*Listed entries:*
****
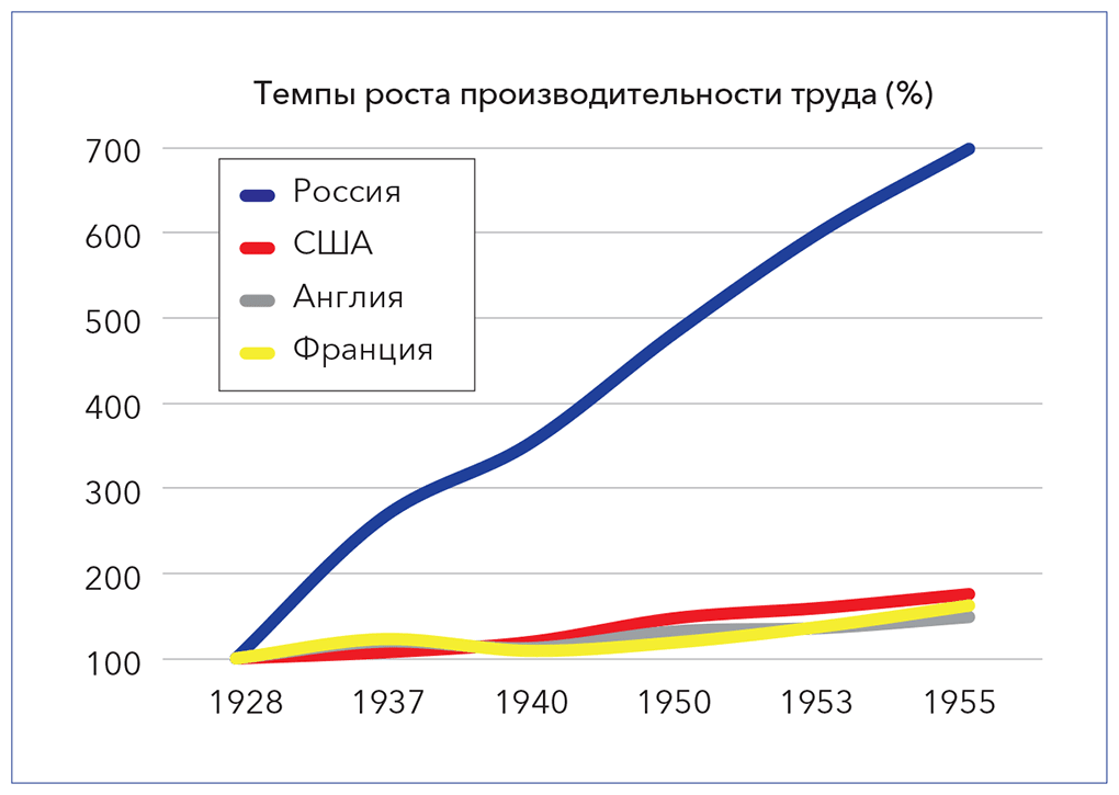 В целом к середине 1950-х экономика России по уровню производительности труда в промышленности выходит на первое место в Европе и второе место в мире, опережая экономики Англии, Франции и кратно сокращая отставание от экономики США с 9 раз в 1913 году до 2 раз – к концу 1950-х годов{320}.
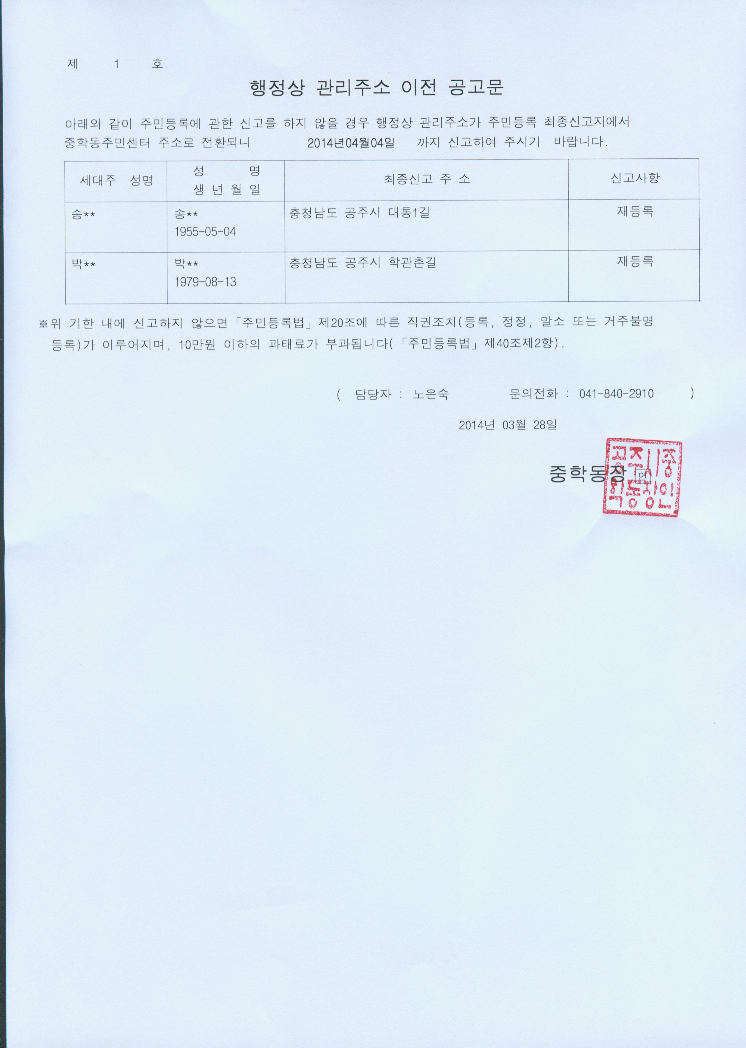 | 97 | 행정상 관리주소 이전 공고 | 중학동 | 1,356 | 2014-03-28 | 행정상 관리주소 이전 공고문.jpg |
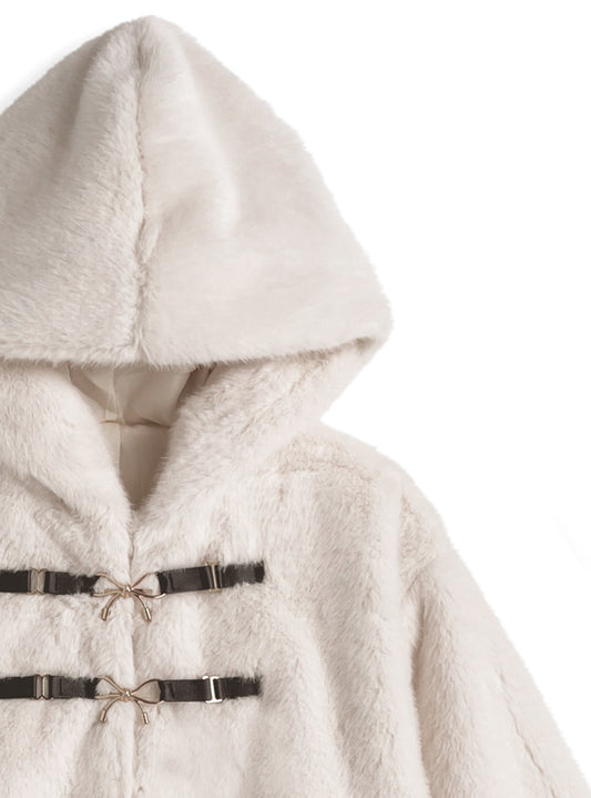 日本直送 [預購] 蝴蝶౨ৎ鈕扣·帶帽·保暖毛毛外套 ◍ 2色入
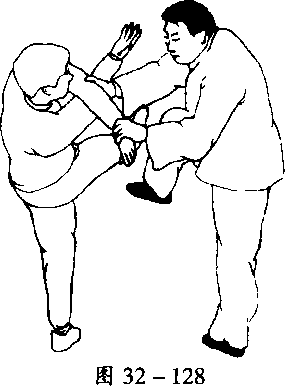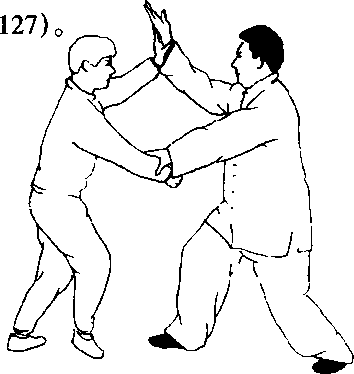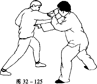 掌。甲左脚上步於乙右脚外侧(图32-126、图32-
****
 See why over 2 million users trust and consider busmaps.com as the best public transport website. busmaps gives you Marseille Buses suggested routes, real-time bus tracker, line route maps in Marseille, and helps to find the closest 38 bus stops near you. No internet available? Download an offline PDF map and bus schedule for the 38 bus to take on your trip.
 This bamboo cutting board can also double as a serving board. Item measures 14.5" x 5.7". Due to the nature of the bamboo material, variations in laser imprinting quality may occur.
****
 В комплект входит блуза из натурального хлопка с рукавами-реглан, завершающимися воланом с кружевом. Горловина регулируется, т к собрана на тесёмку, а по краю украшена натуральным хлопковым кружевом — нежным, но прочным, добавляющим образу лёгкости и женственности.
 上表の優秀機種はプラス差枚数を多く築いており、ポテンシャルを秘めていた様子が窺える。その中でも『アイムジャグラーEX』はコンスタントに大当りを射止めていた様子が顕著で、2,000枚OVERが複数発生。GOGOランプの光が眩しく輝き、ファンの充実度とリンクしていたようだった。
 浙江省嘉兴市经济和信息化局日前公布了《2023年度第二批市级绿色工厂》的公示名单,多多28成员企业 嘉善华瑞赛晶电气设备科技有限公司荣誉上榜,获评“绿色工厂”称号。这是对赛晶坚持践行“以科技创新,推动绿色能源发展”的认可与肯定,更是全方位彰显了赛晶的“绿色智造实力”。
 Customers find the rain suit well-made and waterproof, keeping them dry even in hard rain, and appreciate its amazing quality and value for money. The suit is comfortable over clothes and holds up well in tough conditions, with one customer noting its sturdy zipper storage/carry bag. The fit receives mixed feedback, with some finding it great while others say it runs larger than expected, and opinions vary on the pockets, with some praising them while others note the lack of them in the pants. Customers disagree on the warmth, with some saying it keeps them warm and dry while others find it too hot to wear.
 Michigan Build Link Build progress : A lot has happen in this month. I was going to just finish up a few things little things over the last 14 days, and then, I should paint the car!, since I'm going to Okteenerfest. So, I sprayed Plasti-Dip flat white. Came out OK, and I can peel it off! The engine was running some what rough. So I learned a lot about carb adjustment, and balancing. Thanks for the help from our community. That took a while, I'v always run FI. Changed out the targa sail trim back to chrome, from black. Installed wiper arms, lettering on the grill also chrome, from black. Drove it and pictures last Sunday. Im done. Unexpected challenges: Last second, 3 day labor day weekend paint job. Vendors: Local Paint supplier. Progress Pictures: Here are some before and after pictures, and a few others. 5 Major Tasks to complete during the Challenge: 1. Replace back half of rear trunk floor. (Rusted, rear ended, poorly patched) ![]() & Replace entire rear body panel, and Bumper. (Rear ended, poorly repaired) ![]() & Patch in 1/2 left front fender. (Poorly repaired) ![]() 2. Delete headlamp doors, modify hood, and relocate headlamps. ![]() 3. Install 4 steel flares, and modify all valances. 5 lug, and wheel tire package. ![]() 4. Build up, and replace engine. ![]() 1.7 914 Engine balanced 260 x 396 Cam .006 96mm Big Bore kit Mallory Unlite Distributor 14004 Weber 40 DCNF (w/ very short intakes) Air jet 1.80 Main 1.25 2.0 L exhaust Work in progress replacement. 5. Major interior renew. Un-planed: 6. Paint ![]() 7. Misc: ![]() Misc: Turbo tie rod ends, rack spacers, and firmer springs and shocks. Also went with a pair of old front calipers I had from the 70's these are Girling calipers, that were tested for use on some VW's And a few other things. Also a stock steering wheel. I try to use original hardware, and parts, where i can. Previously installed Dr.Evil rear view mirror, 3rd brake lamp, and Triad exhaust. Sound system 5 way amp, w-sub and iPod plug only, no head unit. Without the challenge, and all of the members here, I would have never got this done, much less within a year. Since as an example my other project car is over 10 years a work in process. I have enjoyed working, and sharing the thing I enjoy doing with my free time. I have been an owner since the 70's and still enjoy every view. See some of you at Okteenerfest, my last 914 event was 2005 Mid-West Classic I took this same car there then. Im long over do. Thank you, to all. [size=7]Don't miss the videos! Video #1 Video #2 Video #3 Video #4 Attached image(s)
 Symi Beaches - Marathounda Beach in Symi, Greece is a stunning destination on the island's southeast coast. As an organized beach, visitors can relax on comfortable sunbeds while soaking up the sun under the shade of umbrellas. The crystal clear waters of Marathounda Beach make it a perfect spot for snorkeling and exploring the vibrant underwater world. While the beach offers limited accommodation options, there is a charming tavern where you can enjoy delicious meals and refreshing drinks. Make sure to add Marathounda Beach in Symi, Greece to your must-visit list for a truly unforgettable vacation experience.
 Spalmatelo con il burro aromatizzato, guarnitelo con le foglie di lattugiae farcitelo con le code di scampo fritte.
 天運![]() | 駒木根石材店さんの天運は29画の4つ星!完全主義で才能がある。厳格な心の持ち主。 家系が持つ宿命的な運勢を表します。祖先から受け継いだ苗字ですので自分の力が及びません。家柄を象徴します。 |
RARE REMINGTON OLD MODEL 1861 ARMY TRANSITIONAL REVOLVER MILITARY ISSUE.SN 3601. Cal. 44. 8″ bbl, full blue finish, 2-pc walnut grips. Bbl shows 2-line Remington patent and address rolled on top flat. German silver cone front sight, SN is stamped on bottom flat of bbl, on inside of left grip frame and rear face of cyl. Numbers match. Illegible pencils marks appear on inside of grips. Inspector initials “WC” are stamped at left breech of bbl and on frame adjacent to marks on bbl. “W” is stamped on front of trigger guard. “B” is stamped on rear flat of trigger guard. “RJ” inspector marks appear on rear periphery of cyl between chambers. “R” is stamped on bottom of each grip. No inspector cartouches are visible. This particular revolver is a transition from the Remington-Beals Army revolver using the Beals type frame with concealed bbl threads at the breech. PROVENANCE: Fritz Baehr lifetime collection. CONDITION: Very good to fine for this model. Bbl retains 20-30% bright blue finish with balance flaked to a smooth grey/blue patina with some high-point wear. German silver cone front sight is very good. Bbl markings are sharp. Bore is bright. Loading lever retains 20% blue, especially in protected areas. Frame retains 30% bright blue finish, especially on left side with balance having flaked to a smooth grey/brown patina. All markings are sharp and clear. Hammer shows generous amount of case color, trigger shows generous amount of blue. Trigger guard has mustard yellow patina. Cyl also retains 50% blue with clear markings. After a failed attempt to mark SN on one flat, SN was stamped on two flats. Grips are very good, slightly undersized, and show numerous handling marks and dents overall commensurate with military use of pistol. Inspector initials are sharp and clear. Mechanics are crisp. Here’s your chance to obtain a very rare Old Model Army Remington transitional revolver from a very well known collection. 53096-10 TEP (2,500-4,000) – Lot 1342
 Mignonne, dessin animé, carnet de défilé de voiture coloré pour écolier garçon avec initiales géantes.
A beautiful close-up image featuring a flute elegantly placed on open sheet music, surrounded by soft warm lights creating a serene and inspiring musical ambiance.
****
*Task to complete:* Note every line above where the string "quality" shows up, and copy those lines.

*Exercise response:*
 This bamboo cutting board can also double as a serving board. Item measures 14.5" x 5.7". Due to the nature of the bamboo material, variations in laser imprinting quality may occur.
 Customers find the rain suit well-made and waterproof, keeping them dry even in hard rain, and appreciate its amazing quality and value for money. The suit is comfortable over clothes and holds up well in tough conditions, with one customer noting its sturdy zipper storage/carry bag. The fit receives mixed feedback, with some finding it great while others say it runs larger than expected, and opinions vary on the pockets, with some praising them while others note the lack of them in the pants. Customers disagree on the warmth, with some saying it keeps them warm and dry while others find it too hot to wear.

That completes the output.